Some governments tried to justify their extractive development by saying how they need these projects to fight poverty. Governments sought to differentiate their prudent and indispensable extractivism from “predatory” extractivism. Some governments even preferred not to take away money from rich people since money came from extractive policies. However, this “hydrocarbon-fuelled social-democratic bargain” could not save their governments. The indigenous protesters who consider Nature as patrimony, not capital, refused to relent.

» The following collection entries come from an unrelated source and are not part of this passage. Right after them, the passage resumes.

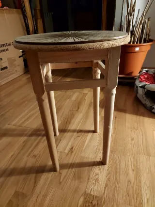 Mesa auxiliar redonda de madera y corcho
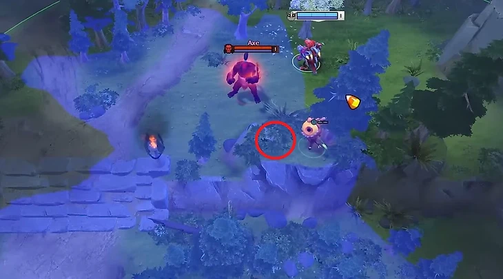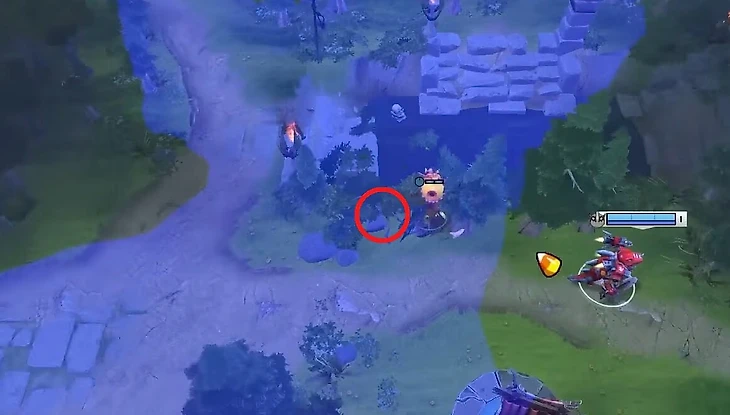 3. Если у противника еще не было обзора в области – он не знает, что там срубили дерево. Это сильно помогает. Вот отличный вард над Т2-вышкой Света на нижней линии, который покрывает всю область вокруг вышки и на возвышенности.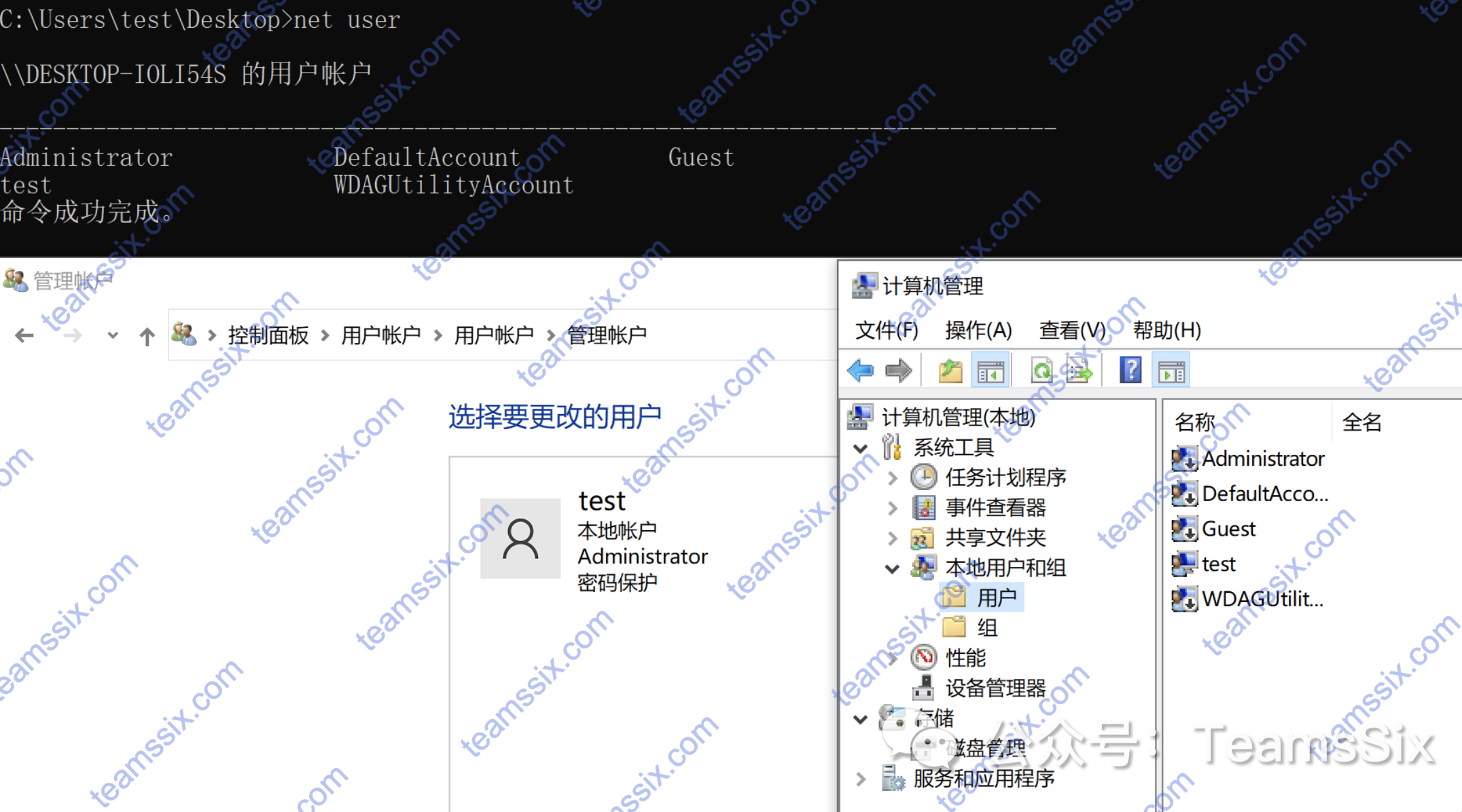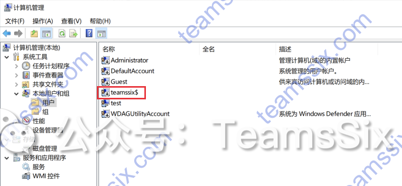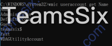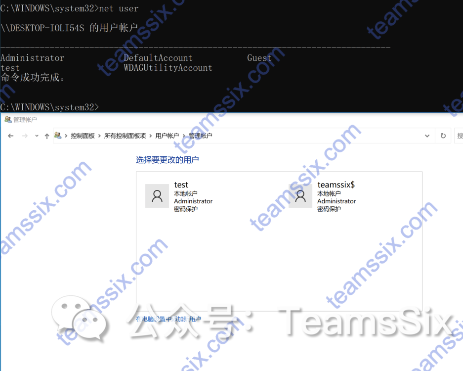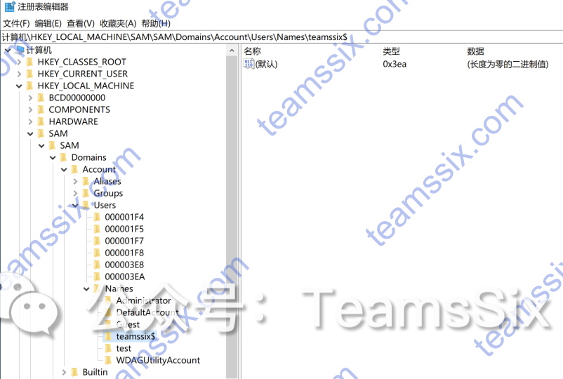 不过这种方法依然是有破绽的,比如在注册表里还是能发现 teamssix$ 用户的,使用 wmic 也能看到该用户。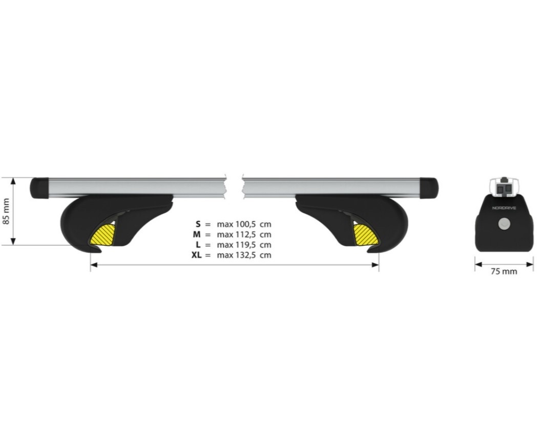SET COMPLETO BARRE PORTATUTTO IN ALLUMINIO - L - Evos RA NORDRIVE N15046. Elegante profilo tubolare in lega di alluminio anodizzato, con predisposizione per l’inserimento dei connettori rapidi “T” nella canalina superiore. Base di appoggio del carico in gomma. Complete di serratura antifurto. Pre-assemblate, pronte per un montaggio ultrarapido. Composto da: Coppia barre portatutto Helio N15076, Kit Evos RA N20012. Non superare mai il carico massimo delle barre. Questo limite è tuttavia subordinato al carico massimo riportato nel libretto uso e manutenzione del veicolo. Seguire sempre le indicazioni di carico massimo più basso. Con carico massimo si intende: peso delle barre + peso degli eventuali accessori applicati + peso del carico previsto. Vecchio nome: YURO. Distanza massima fra i mancorrenti: 119,5 cm.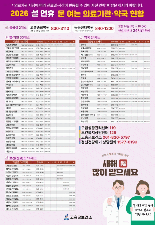 한편, 설 연휴 기간 진료가 가능한 의료기관과 약국 정보는 고흥군보건소 누리집이나 응급의료포털에서 확인할 수 있으며, 고흥군 보건소로 문의하면 자세히 안내받을 수 있다.

The fall of some leftist governments, not all, was due to what Santiago Anriaand Kenneth M Roberts call the “autocratic temptation”. Charismatic leaders began to believe that they speak “for the entire nation” and that “they can do so forever.”
Conclusion
Inequality and poverty have sharply fallen in Latin American countries ruled by the leftist governments even though some have had better record in redistributing income than others.
It would be erroneous to view the rise and fall of a government in Latin America as pendulum swings between the left and the right. There has been a steady expansion of democratic institutions and political rights in recent decades. The deepening of democracy has created political space and Latin America has seen the emergence of several new political parties and social movements. The changing political fortunes of governments are part of what political scientist Sidney Tarrow calls “cycle of contention”.
Social mobilisations and protest movements across Latin America have given a new dimension to democracy. Just as protests and social movements become protest cycles if these are well-organised, sustained and diffused to several sectors, the rise and fall of leftist government becomes cyclic.Like protests and social movements, the advent of a left government has followed a parabolic pattern. It expands to more sectors and more countries.
The new left has made Latin America the epicentre of left-wing politics in the world. It is now part of democratic politics.The region’s experiments in institutional innovations have gone a long way in deepening democracy. As they say, before the deed comes the doing. The unprecedented explosion of rage against injustices of various kinds in Latin America portend a radical change. The rage is the starting point. The rage implies doing. Will it prove to be another utopia?It may well be. But isn’t utopia the process of making a better world?